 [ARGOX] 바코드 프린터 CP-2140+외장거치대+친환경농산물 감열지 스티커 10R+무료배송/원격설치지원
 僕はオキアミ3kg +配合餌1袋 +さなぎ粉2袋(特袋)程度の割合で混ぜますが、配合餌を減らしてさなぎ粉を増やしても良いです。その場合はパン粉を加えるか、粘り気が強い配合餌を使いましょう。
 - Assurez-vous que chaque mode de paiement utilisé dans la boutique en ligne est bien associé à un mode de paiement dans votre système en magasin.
——
:: Work request ::
Exact transcription of the listing is needed, with no line left out.

:: Exercise response ::
 [ARGOX] 바코드 프린터 CP-2140+외장거치대+친환경농산물 감열지 스티커 10R+무료배송/원격설치지원
 僕はオキアミ3kg +配合餌1袋 +さなぎ粉2袋(特袋)程度の割合で混ぜますが、配合餌を減らしてさなぎ粉を増やしても良いです。その場合はパン粉を加えるか、粘り気が強い配合餌を使いましょう。
 - Assurez-vous que chaque mode de paiement utilisé dans la boutique en ligne est bien associé à un mode de paiement dans votre système en magasin.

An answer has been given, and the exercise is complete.